Lo ha deciso la seconda sezione di Palazzo Spada (presidente facente funzione Giovanni Sabbato, consiglieri Francesco Frigida, Francesco Guarracino, Maria Stella Boscarino e Valerio Valenti) che , al termine di un confronto tra gli legali delle parti in causa, ha respinto l’istanza cautelare presentata dalla proprietà della struttura ricettiva.
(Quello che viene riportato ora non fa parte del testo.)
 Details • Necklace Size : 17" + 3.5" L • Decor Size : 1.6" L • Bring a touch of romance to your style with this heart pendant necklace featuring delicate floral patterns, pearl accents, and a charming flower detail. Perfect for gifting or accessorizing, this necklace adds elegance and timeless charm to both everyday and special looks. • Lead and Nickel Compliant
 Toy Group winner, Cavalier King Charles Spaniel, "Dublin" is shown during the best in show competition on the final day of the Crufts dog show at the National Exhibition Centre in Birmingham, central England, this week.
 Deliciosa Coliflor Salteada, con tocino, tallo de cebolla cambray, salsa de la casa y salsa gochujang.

E, più precisamente, l’avvocato Alfredo Zaza D’Aulisio e Alfonso Celotto per la proprietà della struttura, Salvatore Canciello in rappresentanza del comune di Sperlonga e l’avvocato Francesco Di Ciollo in rappresentanza dei pugnaci confinanti dell’albergo, Carmine Tursi e Anna Miele.
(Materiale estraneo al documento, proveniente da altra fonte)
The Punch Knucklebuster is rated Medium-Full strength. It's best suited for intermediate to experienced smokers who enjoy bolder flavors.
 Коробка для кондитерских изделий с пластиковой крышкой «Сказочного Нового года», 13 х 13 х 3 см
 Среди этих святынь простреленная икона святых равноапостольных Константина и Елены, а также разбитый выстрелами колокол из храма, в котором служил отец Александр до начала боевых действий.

La proprietà dell’hotel Grotta di Tiberio” aveva chiesto la sospensione della sentenza dello stesso Consiglio di Stato e due settimane fa con un’ordinanza monocratica lo stesso organo della magistratura amministrativa aveva illuso il ricorrente – il suocero dl sindaco di Sperlonga ed ex presidente della Provincia Armando Cusani – circa la possibilità di bloccare l’efficacia della sentenza, sia in considerazione dell’età della controversia che per i paventati problemi economici ed occupazionali che si verrebbero a creare in caso di chiusura dell’albergo. L’avvocato Zaza D’Aulisio, sul piano tecnico-giuridico, aveva di valutare soltanto il requisito del “periculum in mora” che deve essere “considerato, d’intensità maggiore rispetto a quello ordinario, recanti elementi di eccezionalità tanto in punto di gravità della potenziale lesione quanto in punto di urgenza della sua sterilizzazione”.
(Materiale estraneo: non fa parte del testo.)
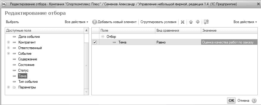 Рис. 70. Установка отбора в списке документов "Событие"
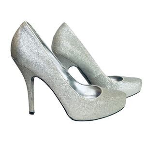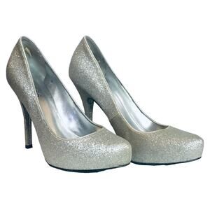 Silver glitter high heel pump by Guess. Tiny spot on the back of the right pump. Very light signs of wear. Comes in original box. Box is missing top.
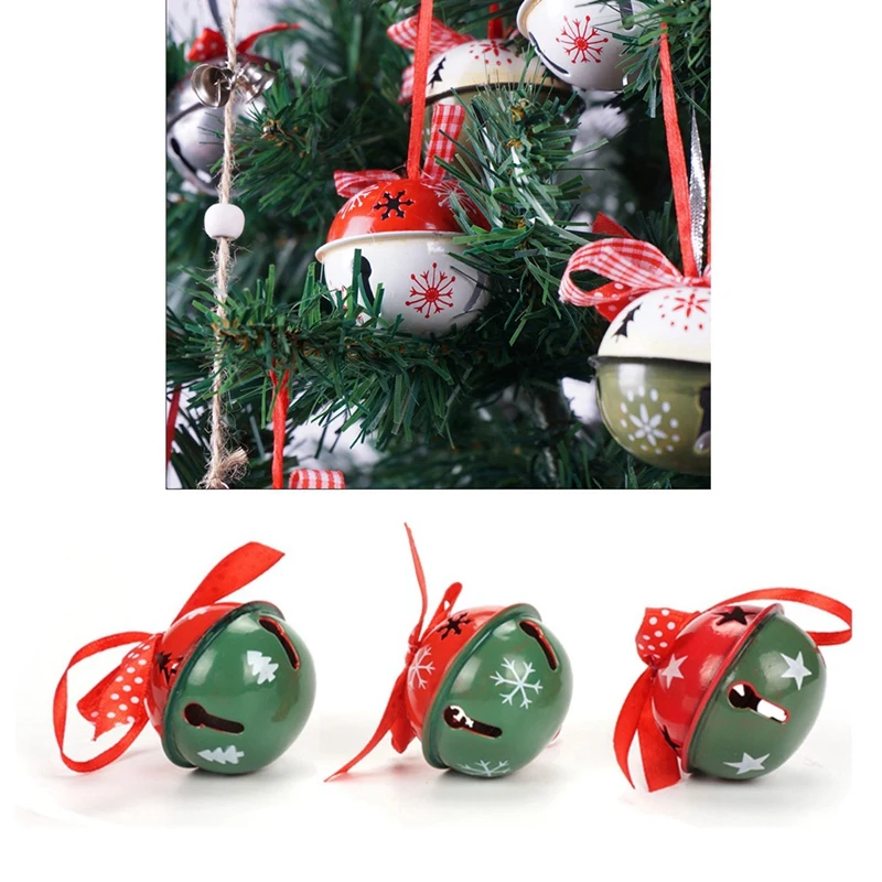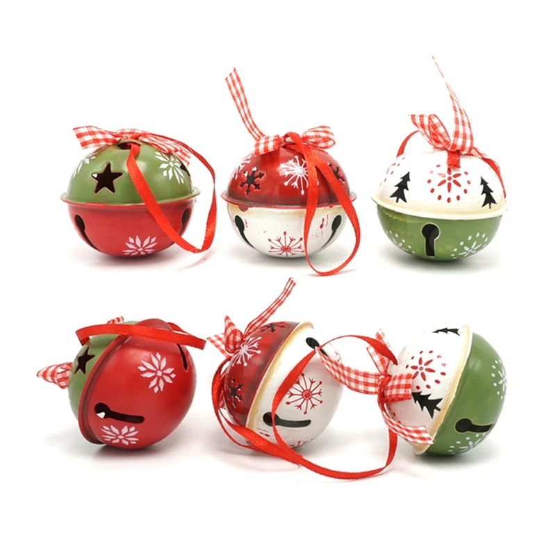 Акция! 6 шт. Рождественское украшение для дома красный зеленый белый металлический колокольчик с лентой Рождественская елка украшение B

Il Consiglio di Stato, dopo una breve camera di consiglio, ha rigettato l’istanza della proprietà dell’albergo “rilevato che nel caso di specie non si riscontra una simile evenienza”. E i giudici amministrativi di secondo grado l’hanno a lungo motivato nelle cinque pagine dell’ordinanza firmata dal presidente Sabbato: “L’immobile in questione è stato precedentemente oggetto di sequestro preventivo per quasi sei anni, dall’ordinanza del giudice per le indagini preliminari del Tribunale di Latina del 4 giugno 2014 sino all’emissione della sentenza del Tribunale di Latina, sezione penale, n. 811 del 16 marzo 2020 / 1° aprile 2020. L’attività alberghiera è stata dunque interrotta dal sequestro e poi, senza soluzione di continuità è stata interdetta in parte dalle disposizioni emergenziali di contrasto alla pandemia da Covid-19 intervenute nel marzo 2020, con la conseguenza che l’attività economica è stata sospesa per quasi 6 anni e poi fortemente limitata”. Successivamente, in data 9 maggio 2022, è stata emanato l’ordine di demolizione dell’ex dirigente del settore urbanistico del comune di Sperlonga Pietro D’Orazio (ora in servizio al comune di Gaeta), “il che, in assenza di sospensioni dell’efficacia esecutiva del giudice amministrativo, avrebbe dovuto indurre l’interessato a cessare ogni attività e a ottemperare o quanto meno a predisporsi all’attuazione del provvedimento – esecutivo – dell’amministrazione e in ogni caso avrebbe dovuto prudenzialmente indurlo a non effettuare ulteriori investimenti e modifiche organizzative” – è il duro atto d’accusa del Consiglio di Stato.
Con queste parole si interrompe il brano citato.